We discharged Monday afternoon, June 12, and grabbed food (In and Out Burger just for daddy) and headed back to the sweet house we were so graciously being allowed to stay in with our daughter, Elliana Jayne.  It will never get old….you know, claiming her!  The verse on the picture at the beginning of the post, Is 62:2b-3,

and you shall be called by a new name
    that the mouth of the Lord will give.
You shall be a crown of beauty in the hand of the Lord,
    and a royal diadem in the hand of your God.

This has run continuously through my head since that Sunday afternoon.  A new name.  She has been given a new name….and she is certainly a crown of beauty and royal diadem in the hand of the Lord!  Elliana Jayne has been a constant reminder of the new name we have been given in Christ!  We are grafted in perfectly.  Oh that she will see Christ in her story one day as much as we do.  Our hearts have be enlightened in a whole new way with having her join our family.  Adoption is beautiful.

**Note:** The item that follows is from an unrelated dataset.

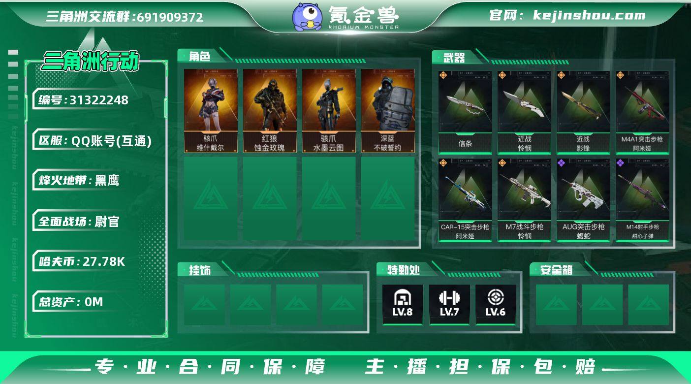 总资产210.1M,哈夫币 27782.1K,战场等级:36 尉官,行动等级:60 黑鹰,角色皮肤6,枪皮数量71 【特战干员外观】红狼-蚀金玫瑰,骇爪-水墨云图,骇爪-维什戴尔,红狼-电锯惊魂,露娜-金牌射手,深蓝-不破誓约, 【近战】近战-影锋,近战-怜悯,近战-信条,近战-黑鹰, 【典藏外观】PKM通用机枪-精湛工艺,M14射手步枪-蛇纹涂装,SKS射手步枪-蝴蝶, 【步枪】G3战斗步枪-骑士,SG552突击步枪-运动员,M7战斗步枪-怜悯,CAR-15突击步枪-阿米娅,M4A1突击步枪-阿米娅,SCAR-H战斗步枪-水墨云图,M4A1突击步枪-蚀金玫瑰,ASh-12战斗步枪-鹅鸭杀,SCAR-H战斗步枪-启航,腾龙突击步枪-死神玫瑰,KC17突击步枪-电锯惊魂,AK-12突击步枪-纵横,AUG突击步枪-零重力,SCAR-H战斗步枪-囚徒,QBZ95-1突击步枪-曙光,AUG突击步枪-蝮蛇,K437突击步枪-守护者,腾龙突击步枪-聚光灯,SCAR-H战斗步枪-荣耀列队,M7战斗步枪-前沿科技,腾龙突击步枪-前沿科技,M4A1突击步枪-海色,QBZ95-1突击步枪-海色,PTR-32突击步枪-黄蜂,腾龙突击步枪-三角洲力量,SG552突击步枪-海浪,QBZ95-1突击步枪-海浪,SCAR-H战斗步枪-数码迷彩,M4A1突击步枪-粉色涂装,M7战斗步枪-红色涂装,AUG突击步枪-浅蓝涂装,SG552突击步枪-浅蓝涂装,K416突击步枪-几何迷彩,K416突击步枪-高雅黑,M4A1突击步枪-高雅黑,QBZ95-1突击步枪-高雅黑,G3战斗步枪-高雅黑, 【狙击步枪/射手步枪】SKS射手步枪-骑士,R93狙击步枪-维什戴尔,SR-25射手步枪-信条,SV-98狙击步枪-囚徒,M700狙击步枪-蝮蛇,M14射手步枪-甜心子弹,AWM狙击步枪-无极限,SR-25射手步枪-开拓,PSG-1射手步枪-前沿科技,SKS射手步枪-弄臣,Mini-14射手步枪-荣耀列队,SV-98狙击步枪-哈夫克航天,SR-25射手步枪-黄蜂,SV-98狙击步枪-红色涂装, 【冲锋枪】QCQ171冲锋枪-鹅鸭杀,P90冲锋枪-信...

We left Utah when Elliana was 2 weeks and a day with joint custody with Heart and Soul Adoptions. We got on a plane to head home to Georgia to our new life with our daughter. Words cannot express how ready we were to introduce Elliana to her grandparents and family and I promise they were eager too after 2 weeks of FaceTiming all day!

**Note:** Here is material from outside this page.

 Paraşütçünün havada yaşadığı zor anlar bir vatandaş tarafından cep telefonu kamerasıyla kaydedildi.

Once home, the adoption journey continued. We were not her official parents just because we had her, although our hearts knew we were and she did not share our name. She was without a birth certificate. We have prayed every day since she was placed in our arms to be officially recognized as her parents! This is a part of adoption that a lot of people do not realize. More waiting.

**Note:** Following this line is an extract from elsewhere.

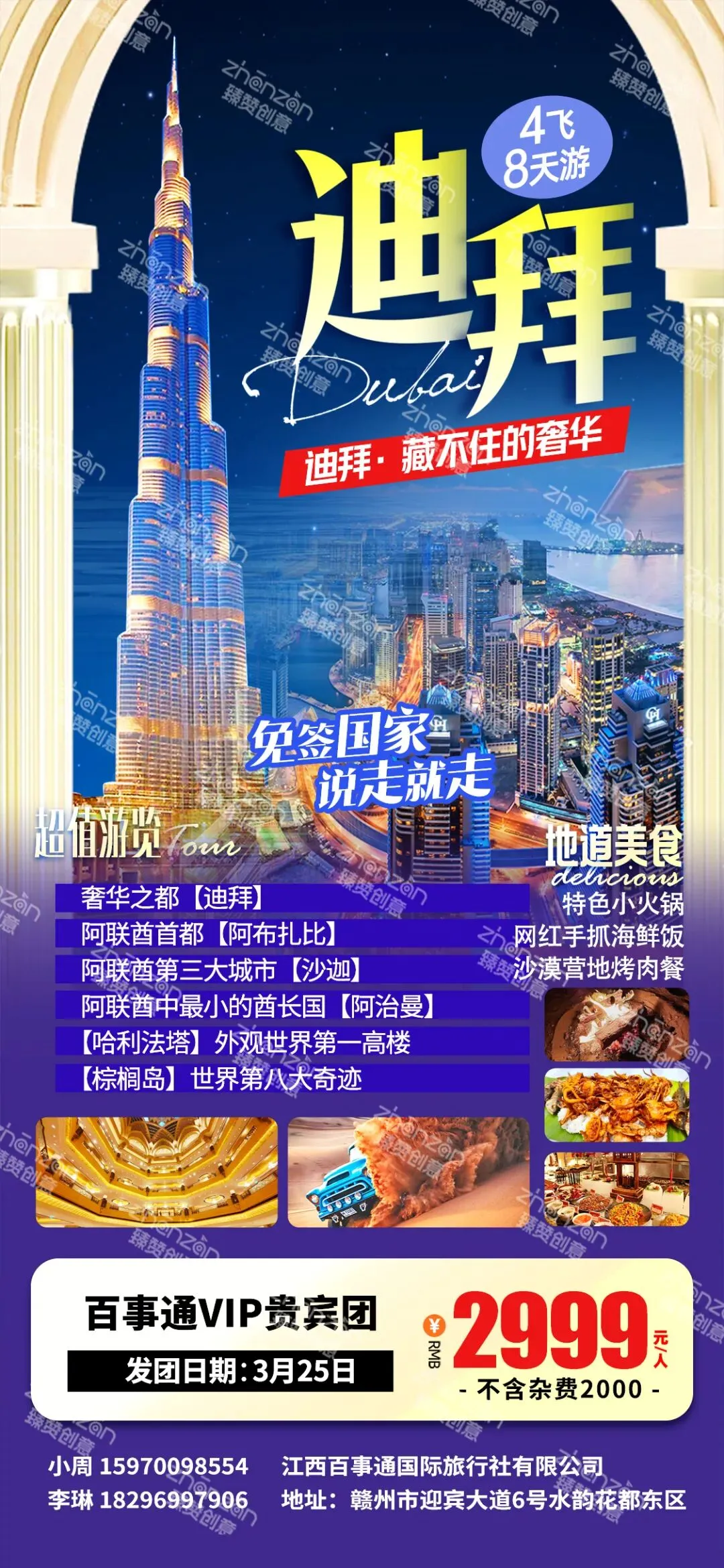 【交通工具】赣州-迪拜往返飞机(四飞),当地空调旅游车

The process and fees continued. We had attorney fees and court fees to prepare for Elliana’s finalization as ours. There were two more post placement home study visits to make sure Elliana was safe and that we were adjusting well to being parents. We completed the last of those in October and have been waiting on the formal paperwork to be filed and for the judge to sign off on us not having to return to Utah to go before him since we went before him during our 2 weeks in UT! Here we are after meeting with him when Elliana was so very little.

About a week ago we heard from our attorney that he had approved us to not have to come back to UT and we have been anxiously awaiting a court date for our case to be heard, for us to be legally declared the sole parents of Elliana Jayne! We knew it could easily be after the new year but we began praying even BIGGER and BOLDER prayers that Elliana Jayne would officially be a Remy by the end of the year. No more legal hoops, no more fears of whom she belongs too, no more doubts!


Well…as of yesterday, Tuesday, December 12, 2017, exactly 6 months after our discharge date, a judge in Utah ruled Elliana Jayne as our daughter.  She finalized!!!….. meaning she is officially, what we have always known in our hearts, Elliana Jayne REMY!!